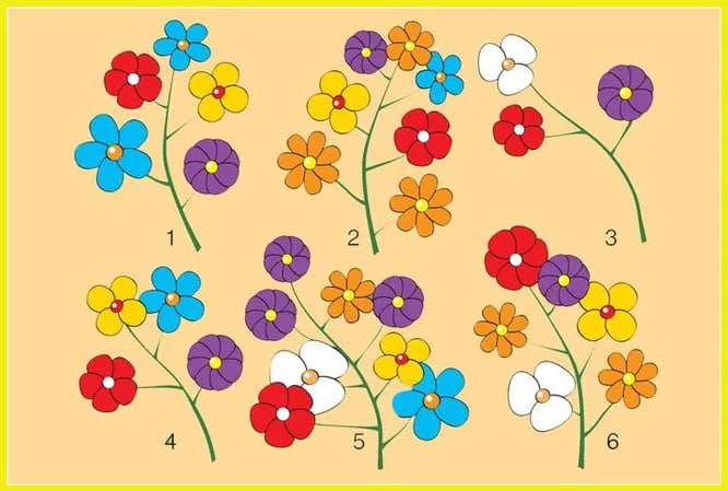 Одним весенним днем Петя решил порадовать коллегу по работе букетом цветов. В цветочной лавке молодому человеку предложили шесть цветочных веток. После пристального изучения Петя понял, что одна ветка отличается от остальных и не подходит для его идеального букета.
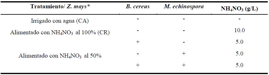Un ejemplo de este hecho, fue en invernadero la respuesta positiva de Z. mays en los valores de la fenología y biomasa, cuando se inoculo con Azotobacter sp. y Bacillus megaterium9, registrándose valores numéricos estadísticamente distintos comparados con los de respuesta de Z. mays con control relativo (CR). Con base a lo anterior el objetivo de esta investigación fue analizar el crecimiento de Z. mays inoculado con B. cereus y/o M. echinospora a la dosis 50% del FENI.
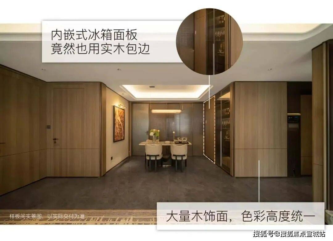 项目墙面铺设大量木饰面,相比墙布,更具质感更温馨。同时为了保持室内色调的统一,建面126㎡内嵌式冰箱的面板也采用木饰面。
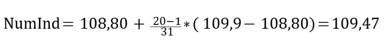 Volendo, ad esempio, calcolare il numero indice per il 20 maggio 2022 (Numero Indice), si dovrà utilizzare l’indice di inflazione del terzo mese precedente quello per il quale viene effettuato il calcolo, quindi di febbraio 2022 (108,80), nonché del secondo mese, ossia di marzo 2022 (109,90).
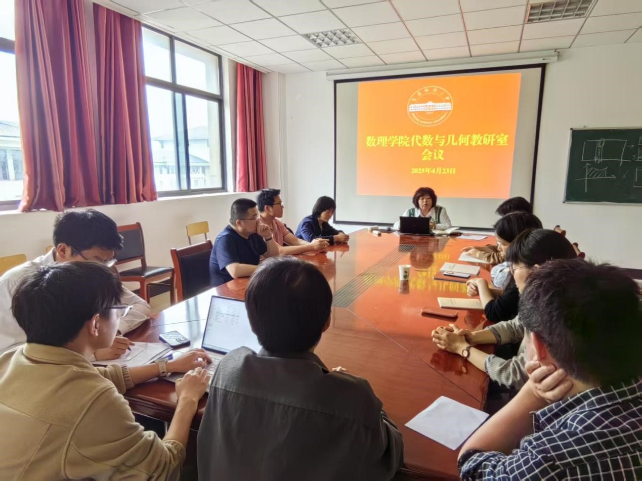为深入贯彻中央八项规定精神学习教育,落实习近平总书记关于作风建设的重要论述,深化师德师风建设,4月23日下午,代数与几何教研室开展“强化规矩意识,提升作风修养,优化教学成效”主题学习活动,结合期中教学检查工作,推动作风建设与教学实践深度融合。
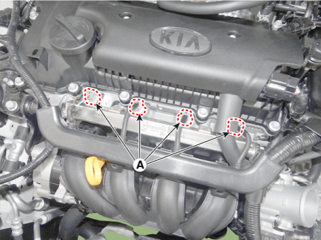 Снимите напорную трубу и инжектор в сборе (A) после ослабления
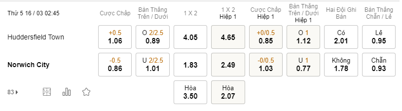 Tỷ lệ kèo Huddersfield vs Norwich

★ ★ ★ ★ ★

◆ PROBLEM
Copy exactly, and copy nothing else: the lines from the one containing "项目墙面铺设大量木饰面,相比" through the end of the data, both ends included, with pictures left out.

◆ EXERCISE RESULT
 项目墙面铺设大量木饰面,相比墙布,更具质感更温馨。同时为了保持室内色调的统一,建面126㎡内嵌式冰箱的面板也采用木饰面。
 Volendo, ad esempio, calcolare il numero indice per il 20 maggio 2022 (Numero Indice), si dovrà utilizzare l’indice di inflazione del terzo mese precedente quello per il quale viene effettuato il calcolo, quindi di febbraio 2022 (108,80), nonché del secondo mese, ossia di marzo 2022 (109,90).
为深入贯彻中央八项规定精神学习教育,落实习近平总书记关于作风建设的重要论述,深化师德师风建设,4月23日下午,代数与几何教研室开展“强化规矩意识,提升作风修养,优化教学成效”主题学习活动,结合期中教学检查工作,推动作风建设与教学实践深度融合。
 Снимите напорную трубу и инжектор в сборе (A) после ослабления
 Tỷ lệ kèo Huddersfield vs Norwich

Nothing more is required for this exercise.